The most valuable code in my agent stack is the code that does nothing.

I run a pipeline where agents research, draft, and queue content for publishing, mostly unattended. The thing that has saved me the most money and embarrassment is not a clever system prompt. It's a short, hard-coded list of actions the agent cannot take without a human click — and a set of rules for when it has to stop mid-task and ask a question instead of guessing.

Almost no agent tutorial covers this. They all show the happy path: model plans, model calls tools, task completes, confetti. But the defining property of an agent — the loop keeps going without you — is exactly what makes the stop condition the hardest design decision in the whole system. Get it wrong in one direction and your agent confidently does something irreversible and wrong. Get it wrong in the other direction and you've built a very expensive confirmation dialog.

Here's the case for building the stop, and then three mechanisms you can implement this afternoon.

Agents guess by default, and guessing measurably fails

Two results are worth having in your head.

τ-bench (Sierra Research, June 2024) put function-calling agents in simulated conversations with users, with real domain policies to follow (airline rebooking, retail returns). The headline: even the best agents at the time succeeded on fewer than 50% of tasks — and reliability was worse than that number suggests. On the pass^8 metric (does the agent succeed all 8 times on the same task?), performance dropped below 25% in the retail domain (paper, benchmark repo). Same task, same agent, different outcome depending on the run. A big share of the failures are exactly what you'd predict: the agent proceeds on an assumption instead of resolving what the user actually wants or what the policy actually allows.
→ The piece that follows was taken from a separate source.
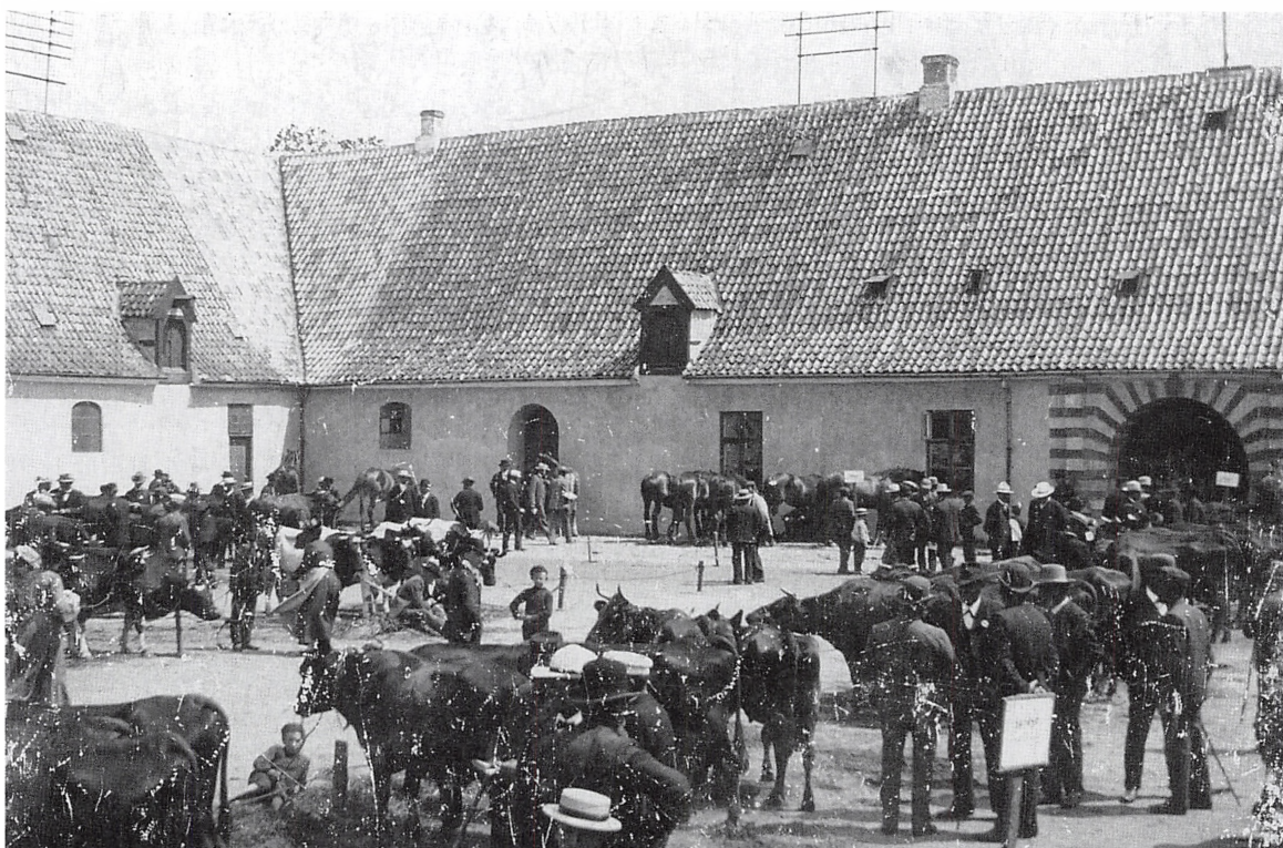
Heste- og kreaturmarked i Staldgården i 1890erne.

ClarifyGPT (October 2023, later published at FSE 2024 — paper page) tested the inverse: what happens if you force the model to detect ambiguity and ask before generating? On MBPP-sanitized, having GPT-4 ask targeted clarifying questions on ambiguous requirements raised Pass@1 from 70.96% to 80.80% — roughly ten points from asking instead of guessing. The paper's motivating observation is the important part: left alone, LLMs will generate a complete, confident answer to an ambiguous request rather than ask about it.
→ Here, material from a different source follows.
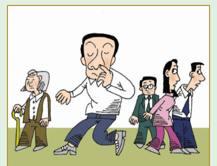
公共场合不抠鼻子和耳朵

That's the core problem. The model is trained to be maximally helpful this turn. Asking a question feels, to the model, like failure — so unless you build the ask-path yourself, it doesn't exist.

The vendors shipping these models say the same thing. Anthropic's "Building Effective Agents" (December 2024, good summary in Simon Willison's write-up) recommends checkpoints where agents pause for human review, specifically before irreversible actions. OpenAI's "A Practical Guide to Building Agents" (April 2025, coverage) names two triggers that should escalate to a human: exceeding failure thresholds and high-risk actions — sensitive, irreversible, or high-stakes operations. Both guides are telling you the same thing: don't prompt for caution, architect for it.

The three triggers

Everything I gate reduces to three questions, checked in this order:

Is the action irreversible? Can it be undone with another tool call? Sending an email, charging a card, publishing a post, deleting a record — no. Writing a draft, creating a branch, staging a file — yes. Irreversible → confirm, always, no matter how confident the agent is. Confidence is not the variable that matters here; blast radius is.
Is the task ambiguous? Do materially different actions follow from reasonable readings of the request? If two competent interpretations lead to two different tool calls, the agent should ask one question, not pick one silently.
Is the failure budget spent? Has the agent already failed at this step N times? Retry loops without a ceiling are how you get an agent that burns $40 of tokens elaborately failing. After N failures, stop retrying and escalate with a summary.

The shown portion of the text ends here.